State Higher Education Commissioner Carlos Santiago highlighted new safety enhancements at state schools, saying Roxbury Community College students now have access to violence prevention workshops; Bristol Community College installed an emergency speaker at its Fall River campus; and Bridgewater State University has created an emergency plan, assembled an emergency response team and appointed a sexual violence outreach educator.
The report recommends increased involvement by schools' trustees in safety issues, and says visible and approachable police can prevent incidents from occurring and encourage the reporting of crimes. The report also recommends offering "confidential resources" for students and employees who have experienced sexual violence, such as partnering with Sexual Assault Nurse Examiner hospitals. Video surveillance capabilities, remote-locking doors and emergency notifications were also addressed in the report.
As local police seek to work with campus authorities on sexual assaults they can encounter a thicket of complicated issues, including the victim's desire to keep accusations confidential, the provision of records from the school to police, and decisions around charging a suspect, Boston Police Lt. Detective George Juliano told conference-goers.
Juliano, who is the commander of the department's sex assault unit, said he is trying to reach memorandums of understanding with all of Boston's higher education institutions setting out the ways the Boston Police and local schools can collaborate on law enforcement, but has only reached agreement with Northeastern University.
"Thirty-two colleges, I have one done," Juliano said. He said the level of training and certification amongst campus security varies between the schools, some of which have sworn police who went through the state's police academy.
Secretary of Public Safety and Security Dan Bennett said any campus police officer who carries a firearm would need to have gone through the academy. A former Harvard student who was roommates with former Middlesex District Attorney Gerry Leone in the Cambridge college's Kirkland House, Bennett recalled the updates he saw as a Middlesex prosecutor working for Leone when there was a murder in that dormitory.
During that 2009 incident, the school sent out an alert to all students to stay away from the area, and investigators were able to look at data logs to see who had entered the basement where the crime occurred, said Bennett, who told the News Service he and Leone lived within about 45 feet from the scene where Justin Cosby later was shot and killed.
Steven Carl, the director of public safety at Assumption College, described how the college scrambled to ensure the safety of students and identify a perpetrator after a former student made a bomb threat against the school.
Carl said the student had been kicked off campus about six months prior to the October 2014 bomb threat because of rape allegations. By working with Worcester Police, authorities were able to trace the internet protocol address of where the threat originated, Carl said.
Terry McLaughlin, a Worcester prosecutor, noted that sexual assault crimes can be difficult to prove because there are usually only two people present at the crime, and police usually need cooperation from the person who was allegedly assaulted.
James Hopper, of Harvard Medical School, told the conference that the natural human response to the trauma of rape can run counter to what people generally imagine.
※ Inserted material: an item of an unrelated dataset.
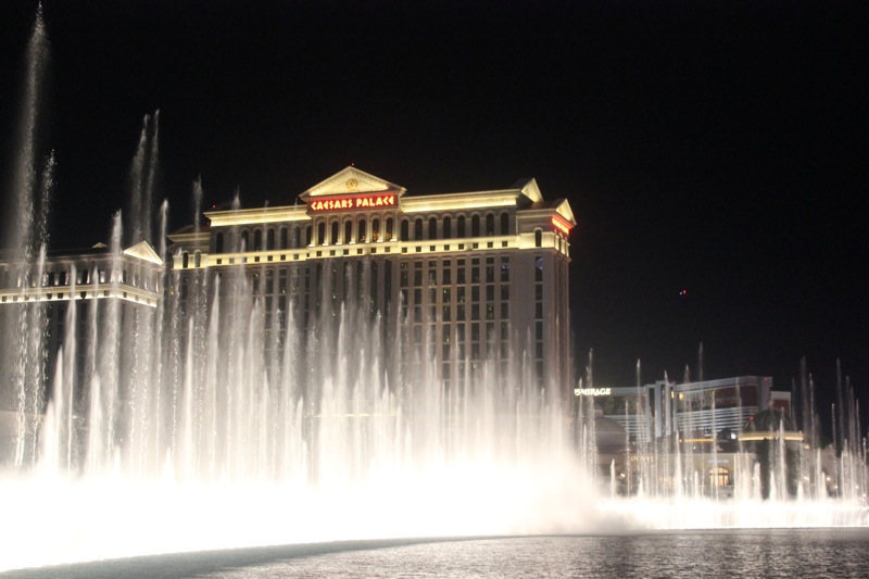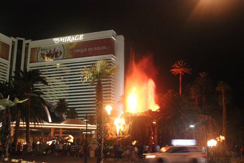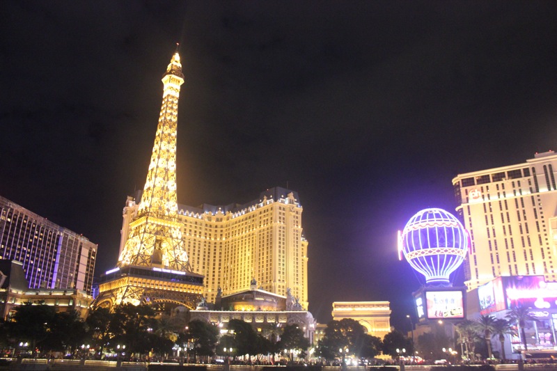 Op straat worden we verrast door de ontploffing van een vulkaan met veel vlammen en vuurwerk, en een beetje verder bewonderen we een replica van de Eiffeltoren en kijken we naar een fonteinenshow voor The Bellagio.

Hopper said humans freeze up when they are fearful, and can even actively participate in an unwanted sexual encounter. Hopper said traumatic memories can often key in on seemingly insignificant details, such as background noise, and efforts to make a victim remember contextual or peripheral facts, such as the timing of events, can create false memories.
The "circuitry of fear" gives rape victims intense memories from the first few minutes of an assault while their brains store less information about the subsequent time of the assault, Hopper said.